In addition to time studying in Paris, Hunt took sketching tours throughout Europe, North Africa, and the Middle East, resulting in his connoisseurship of historic ornament. The drawing became the vehicle for study and, in his professional life, for working out solutions in many scenarios for design issues. It is through Hunt’s use of line, pen, graphite, and watercolor that he brought his ideas to fruition and his buildings to full form. These provided a vision for his clients, and he often created many versions of a facade or the profile of a column or arch to engage and, often, enchant his patrons as he guided them to an architectural decision.
In projects for the Vanderbilt family, Hunt rendered exquisite images for their Newport, Rhode Island, summer houses, Marble House (1892) and The Breakers (1895). Both buildings served the architect’s dream of classical houses on cliffs overlooking the sea. Hunt’s drawings enabled the Vanderbilts to see a grand architectural scheme that would imprint their names on a fashionable resort, one where the world was watching as members of one of the richest families in the United States were affirming an identity as empire builders.
William and Alva Vanderbilt’s Marble House is a temple to gods and kings set down by the sea.
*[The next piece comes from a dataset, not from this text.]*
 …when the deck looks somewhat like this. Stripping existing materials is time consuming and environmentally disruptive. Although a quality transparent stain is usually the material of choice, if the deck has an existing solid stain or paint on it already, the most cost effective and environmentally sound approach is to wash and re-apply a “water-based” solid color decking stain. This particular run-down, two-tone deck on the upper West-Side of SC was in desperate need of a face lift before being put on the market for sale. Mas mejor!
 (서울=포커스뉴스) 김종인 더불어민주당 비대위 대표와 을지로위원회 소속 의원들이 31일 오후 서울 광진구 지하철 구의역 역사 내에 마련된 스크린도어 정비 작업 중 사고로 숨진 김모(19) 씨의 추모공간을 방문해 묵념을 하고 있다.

Inspired by the Parthenon, the temple to Athena, and the Petite Trianon, built for Madame de Pomadour, Alva invoked two jewels of classical architecture that also happened to be connected to powerful women. Hunt’s renderings of the main facade of Marble House are truly one of his most sublime. He had experimented with urns along the rooftop balustrade and additional ornament, but eventually scaled back on these features and allowed the rows of pilasters and the entrance colonnade to take center stage. The interiors defined Gilded Age opulence, such as the ornately carved Gold Salon and the Dining Room sheathed in rose-colored marble. For all its rich materials, the drawings of the Dining Room, devoid of color, speak to Hunt’s organization of the interior into a series of arches and pilasters, lending classical discipline to the space. He also draws in the grain of the marble to indicate how the stone patterning would affect the design.
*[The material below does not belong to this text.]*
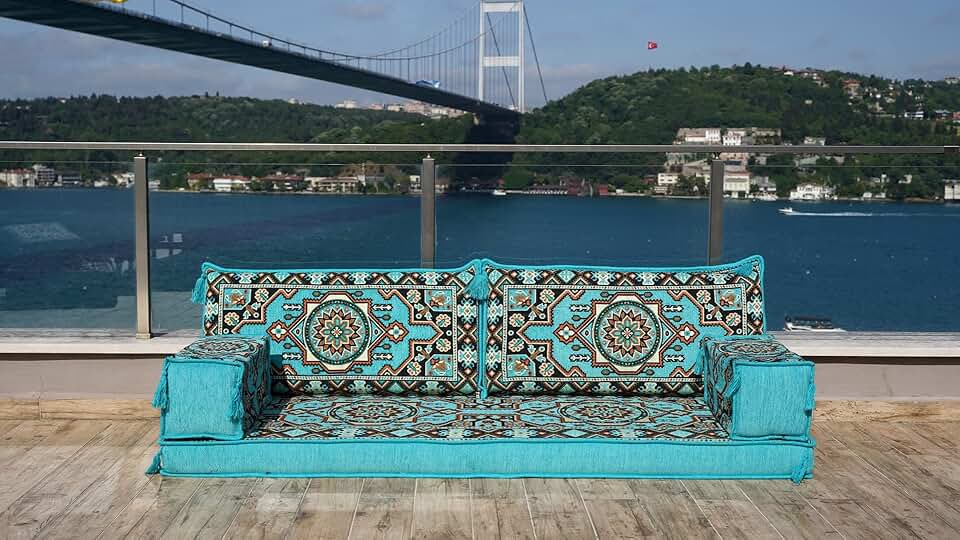 Turquoise Reading Sofa, Moroccan Home Decor Couches, Arabic Majlis, Turkish Floor Sofas, Ethnic Sofa, Arabic Sofa Seating Set, Sofa Covers (4'' Thickness Sofa)

The drawing for the main hall takes a similar approach with lush yellow Siena marble with little decorative carving to detract from the color of the stone. Hunt does use a Vitruvian scroll as a border for the base of the stairs and leaves circular discs open on the upper level of the stair landing. These would be filled by white marble profiles of Richard Morris Hunt and Jules Hardouin Mansart, the architect of Louis XIV’s Hall of Mirrors at Versailles. At the center of the wall scheme is a place for a copy of Bernini’s bust of the king himself, Louis XIV, given a place of honor at the center of Marble House. Lavish material carefully structured by classical framing, columns, and arches in what could be described as disciplined opulence, if this term can be believed, defines the character of Hunt’s designs for Marble House.
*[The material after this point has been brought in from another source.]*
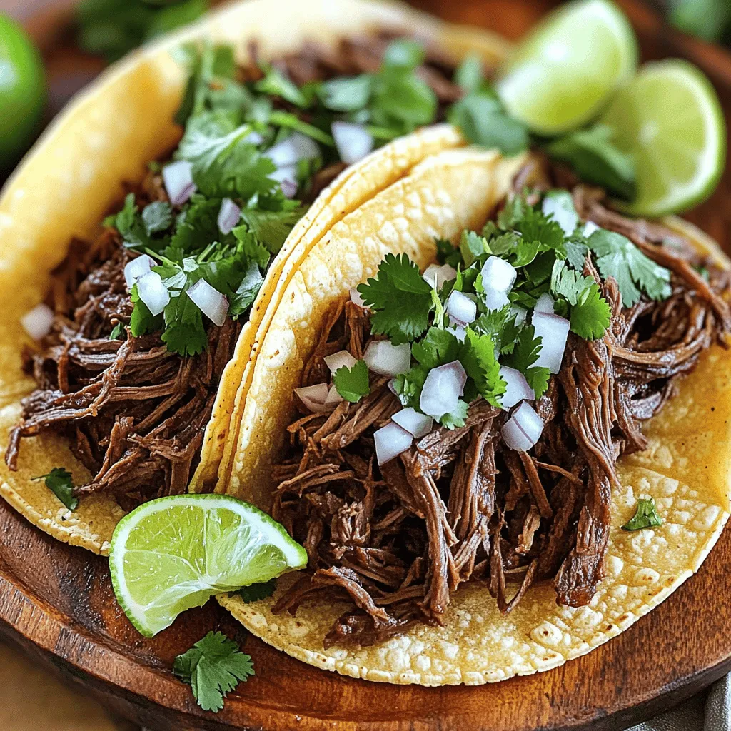 When serving your tacos, use warm corn tortillas. They add a nice texture and flavor. Spoon the shredded beef onto the tortilla and top with fresh cilantro and diced onion. A squeeze of lime juice adds brightness. For extra flair, serve with lime wedges and a sprinkle of salt. Enjoy your delicious tacos!
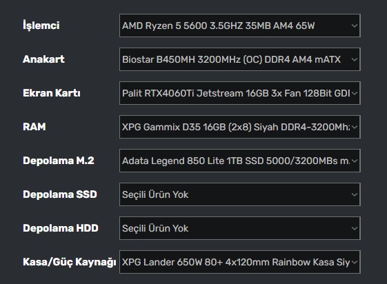 Özelleştirme olarak da SSD'yi 1TB yapıp ramleri Corsair seçmeyi düşünüyorum.

The Breakers is an Italian Renaissance style palazzo in Indiana limestone. There is a stately quality to the house appropriate to the power and position of this senior branch of the family with Cornelius at its head as Chairman and President of the New York Central Railroad and Alice as its matriarch. Hunt provided several versions of the house in the French and Italian Renaissance modes. After several iterations, he brought in the sprawling wings of his initial designs, adding a third story onto the house, making it higher, and replacing the side wings with parterre gardens. The interiors are arranged around a central great hall, in the manner of the open-air courtyards of Italian palaces. For ornamental details, Hunt referenced his copy of the Palazzi di Genova (1622) by Peter Paul Rubens. Triumphal arch motifs for windows, vaulted loggias, and elaborately carved column capitals derived from Genoese palaces appear throughout the facades and interiors of The Breakers. These features give a sense of appropriate scale to the monumental stone form of the house, organizing each floor into discrete units. The ornamentation gives the great house a festive air. Cherubs, goddesses, garlands of flowers and scallop shells, and acorns and oak leaves swirl and sprawl over limestone halls and gilded wood reception rooms.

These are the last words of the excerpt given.